SELECT sum (view_homepage) AS viewed_homepage, sum (use_demo) AS use_demo, sum (enter_credit_card) AS entered_credit_cardFROM (--Get the first time each user viewed the homepage. SELECT user_id, 1 AS view_homepage, min (time) AS view_homepage_time FROM event WHERE data- > > 'type' =' view_homepage' GROUP BY user_id) E1 LEFT JOIN LATERAL (--For each row, get the first time the user_id did the use_demo-- event, if one exists within one week of view_homepage_time. SELECT user_id, 1 AS use_demo, time AS use_demo_time FROM event WHERE user_id = e1.user_id AND data- > > 'type' =' use_demo' AND time BETWEEN view_homepage_time AND (view_homepage_time + 1000 / 60 / 60 / 24 / 7) ORDER BY time LIMIT 1) e2 ON true LEFT JOIN LATERAL (--For each row, get the first time the user_id did the enter_credit_card-- event, if one exists within one week of use_demo_time. SELECT 1 AS enter_credit_card, time AS enter_credit_card_time FROM event WHERE user_id = e2.user_id AND data- > > 'type' =' enter_credit_card' AND time BETWEEN use_demo_time AND (use_demo_time + 1000 "60" 60 "247) ORDER BY time LIMIT 1) e3 ON true

This will output:

Viewed_homepage | use_demo | entered_credit_card-+-+-827 | 220 | 86

From viewing the home page to using demo within a week, and then entering credit card information to it within a week, this provides us with a three-step channel conversion. Since then, the powerful PostgreSQL allows us to analyze these data result sets in depth and analyze the performance of our website as a whole.
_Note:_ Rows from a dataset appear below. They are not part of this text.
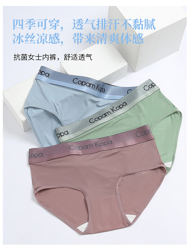 여성용 아이스 실크 팬티, 삼각형, 통기성, 항균, 중간 허리, 여름, 얇은, Traceless, 스포츠, 루즈, 플러스 사이즈
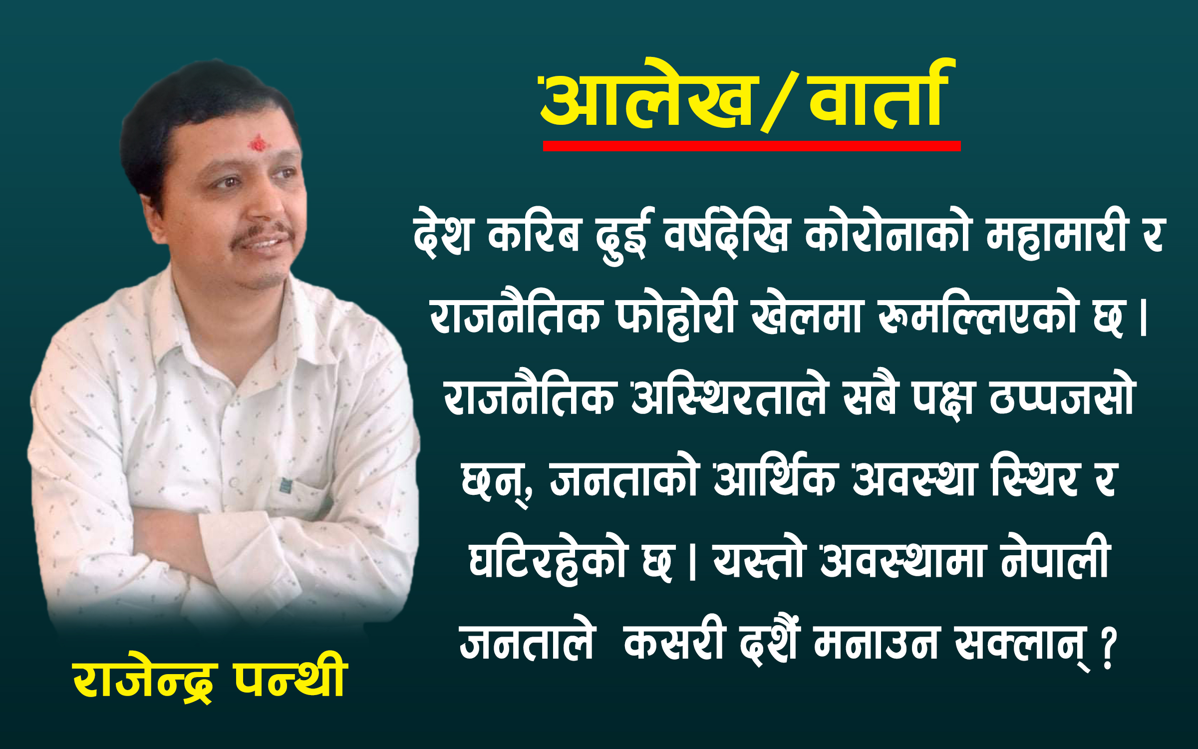 विश्वभरि फैलिएको कोरोना जस्तो डरलाग्दो महामारीले नेपाल पनि अछुतो रहन सकेन । यद्यपि अझै पनि अवस्था सामान्य छैन । यसले गर्दा नेपाली जनताको आर्थिक अवस्था जटिल बनेको छ।रोजगार, व्यापार, व्यवसाय,उत्पादन आदि स्थिर छन् । यस्तै परिस्थितिमा राज्य कोरोनासंग लड्ला भन्दा एकापसमा सत्ता र कुर्सीको लडाइँमा व्यस्त देखिन्छ । सरकारलाई करिब दुईवर्ष देखि जनताको बारेमा सोच्नेसम्म समय छैन । केन्द्रदेखि प्रदेशसम्म राज्य फोहोरी खेलमा चुर्लुम्म डुबेको छ।कहिले आँखा खोल्ने हो थाहा छैन ।
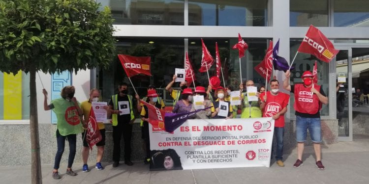 Los carteros de la zona de Santa Eularia se han sumado hoy a la movilización promovida por los delegados y delegadas de CCOO y UGT Correos de Illes Balears para exigir a la dirección, «con su presidente Juan Manuel Serrano a la cabeza», que «cesen las políticas de desguace del operador público».
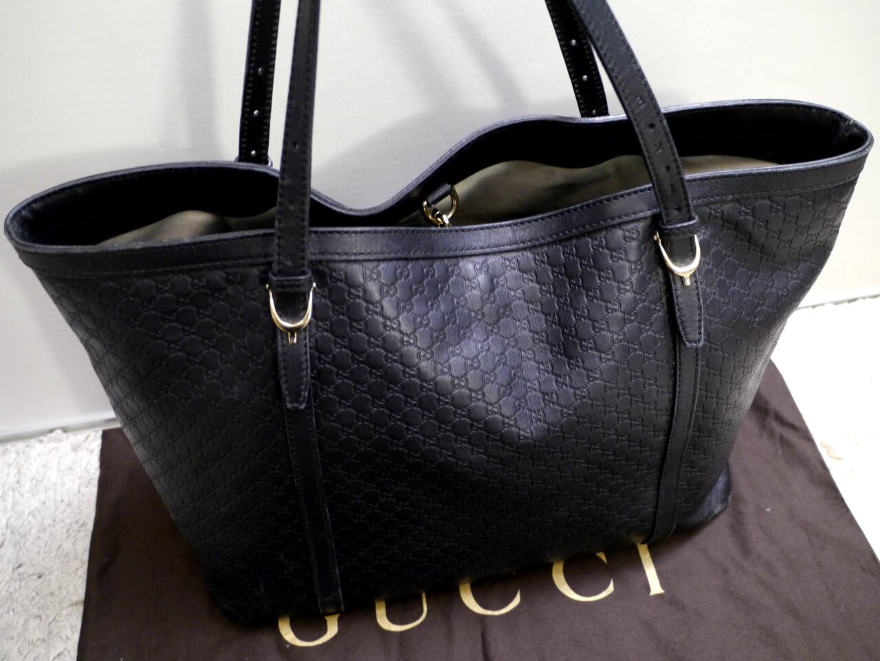 GUCCI(グッチ) マイクロGGライン GGエンボス加工 レザー トート バッグです。
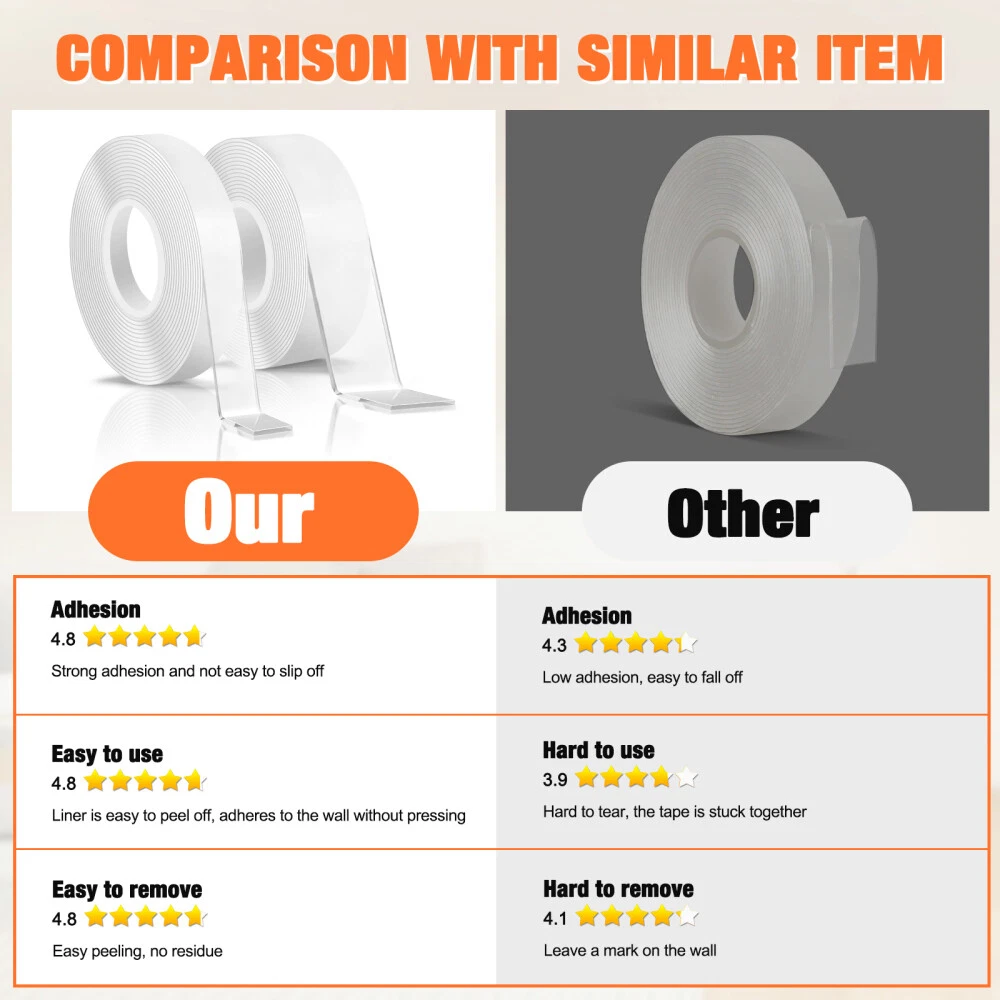 STRONG ADHESIVE Our nano glue allows easy and damage-free attachment of items to the wall.Made of leading acrylic gel material, this clear adhesive double-sided tape demonstrates strong durability and adhesion, three times that of conventional tape. And it is very easy to remove and leave no residue. MULTI FUNCTIONAL DOUBLE-SIDED TAPE The double-sided transparent tape can be used for car phone holders, posters, picture frames, pen holders, wall stickers, hooks, small tools, sticky pads, phone cases, patches, decorative items, and wall decor. Additionally, this tape is washable and reusable. SAFE NANO GEL MATERIAL: This double sided mounting tape is non-toxic, environmentally friendly and recyclable. transparent, no residue, removable. STRONG STICKY: Unlike ordinary tapes, this washable adhesive tape is used the most advanced nano-technology, made of the latest acrylic gel material, ensuring high viscosity, durability, elasticity, and residue-free performance. It adheres perfectly to smooth, clean, non-porous surfaces like glass, windows, doors, wardrobes, table tops, bathroom tiles, and marble. Not suitable for powder wall, plaster wall, rough wall, or paint wall to prevent wall damage. WASHABLE & REUSABLE: The reusable transparent two sided tape can be easily cleaned with water when dirty, but avoid using other wipes or detergents. Simply wash and dry the tape to restore its stickiness for repeated use, with the caveat that the number of uses may vary depending on viscosity. EASY TO USE: Easily cut to any size and length you want! It can be stretched, bending and folded out of shape to meet your needs. The transparent double-sided tape is very easy to remove and leave no residue. MULTI-FUNCTION AND NO MORE MESSY: Say goodbye to disorderly small items with this removable mounting tape. It is versatile and can be used in various settings such as home, office, wardrobe, and bathroom. Use it to easily fix frames, photos, festival decorations, posters, carpets, power sockets, wall stickers, hooks, small tools, pads, phone cases, patches, , wall decor and more, lightweight items.
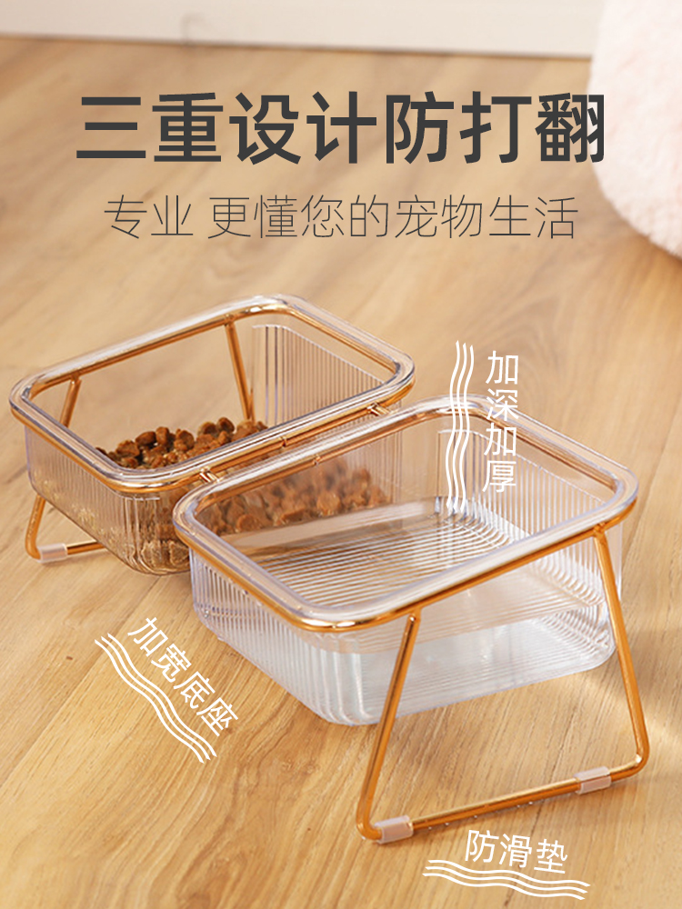 Pet bowl cat bowl protection cervical spine anti-overturning high-footed double bowl dog cat food bowl pet drinking water one bowl
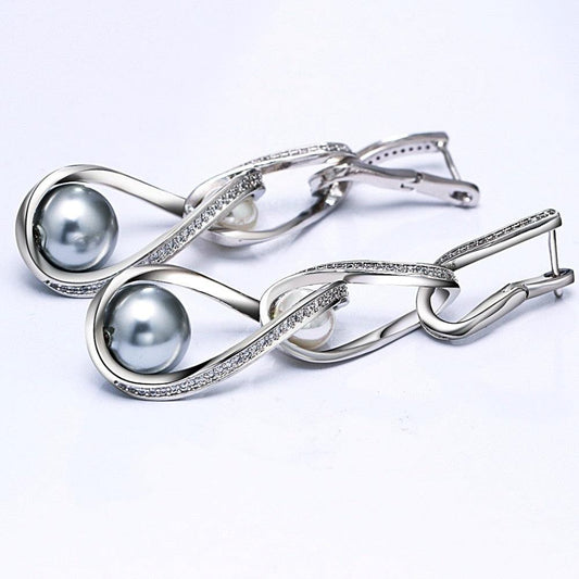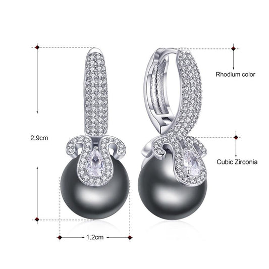 New Luxury Synthetic Grey Pearl Style Earrings - Women Fashion Hoop Style Cubic Zirconia Jewelry (2JW3)(2JW2)(F81)
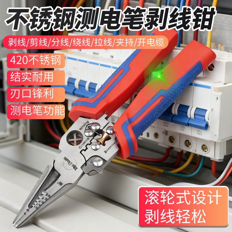 新款加厚(不锈钢)测电剥线钳工业级多功能扒皮分线绕线滑轮剥线
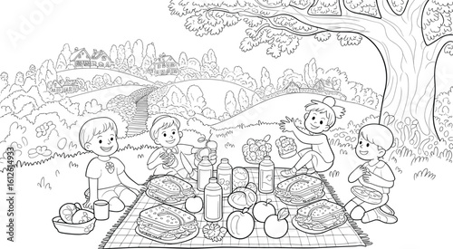 Children having countryside picnic under tree—vector illustration with food, nature scenery, and joyful activity for educational, seasonal, and lifestyle design use
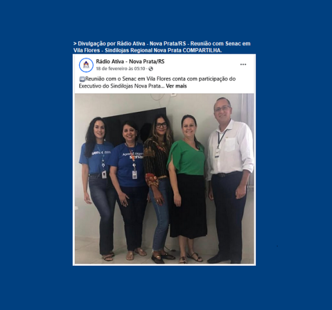 Divulgação por Rádio Ativa - Nova Prata/RS - Reunião com Senac em Vila Flores - Sindilojas Regional Nova Prata COMPARTILHA.
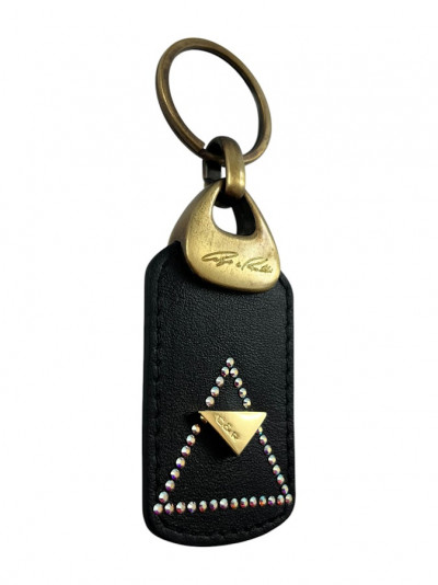 Cango&Rinaldi kulcstartó fekete színű minőségi olasz bőrből, óarany színű fémkellékkel, színváltós (AB) színű, mesh Swarovski kristályokkal díszítve.
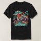 I give wanted to give this a 4 instead of a 5 because these Basic DARK T0shirts run unexpectedly SLIM or Narrow. Which is great if you do not have a potbelly, but I have a paunch. It isn't the shirt's fault that I've got a beer belly. The design and shirt itself is a quality cotton shirt. The color is more of a deep purple, but still a very pretty color. The Basic DARK T-shirts run a bit SLIMMER than the Basic Ts. The neck is a fraction narrower (or seems to be narrower) also. I'm a paunchy middle-aged woman and my neck is 12 inches (31cm) thick and the neckline fell about the same as in the photo of the man, and I had the desire to tug it a bit. So if you're a thick necked man or like loose shirts, be aware these are slimmer shirts. Once I get rid of my lockdown paunch it'll look great. The shirt washed well in cold water with no apparent bleeding. We don't have a dryer, so it hung dry. Did not shrink. Love the colors and the design. The design looks smaller on my shirt than it does on the model on-line. But still, it looks good on the shirt. The printing looks as it does on the model, just the size seems fractionally smaller. Washed garment in cold water, hung dry and design appeared unaffected.
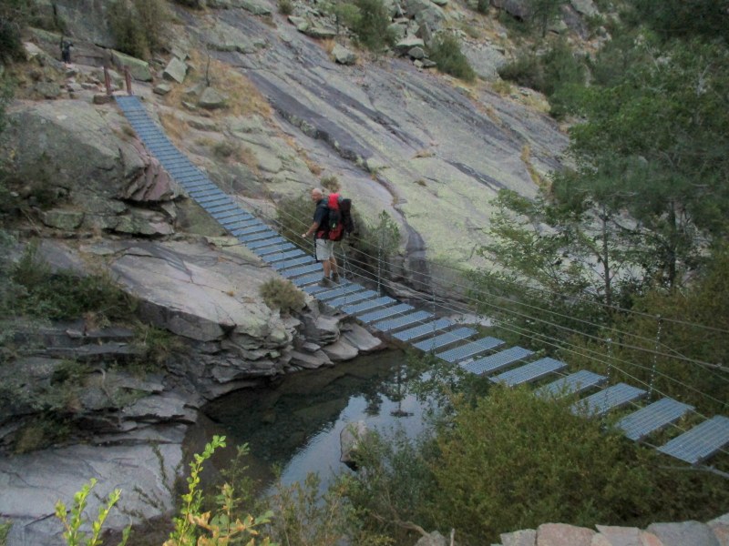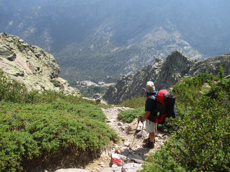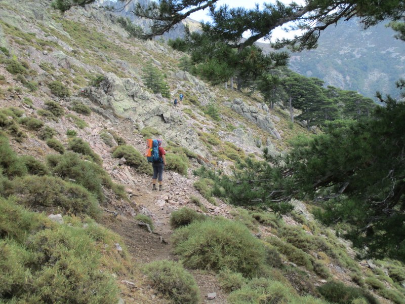 Едва ступив на тропу, мы поняли, что народу на GR 20 будет много! Человек 6-7 вышли раньше нас, их и след простыл. Нас стали догонять и перегонять. Приветствуя догонявших неизменным: «Бонжур!» (как принято во Франции), и получив в ответ: «Мерси!», мы пропускали всех желающих. Пусть себе идут. А мы никуда не торопились, берегли силы и шли своим темпом. Примерно 95% всех идущих — это молодые и спортивные ребята и девчонки. Но были и пожилые. Обратили на себя внимание три бабушки-француженки в возрасте за 70. Выглядели они так, будто ходят в горы с детсадовского возраста. Шли резво и тоже нас обогнали. Хвала им и почёт! Это — явление.

Then we may have the following problems to solve:

Does the use of demo increase the possibility of registration?

Do the users who find our home page through advertising have the same conversion rate as users from other channels?

How will the conversion rate change with the different A _ map B test variables?

The answers to these questions will directly affect product improvements, which can be found in the PostgreSQL database because it now supports lateral federation.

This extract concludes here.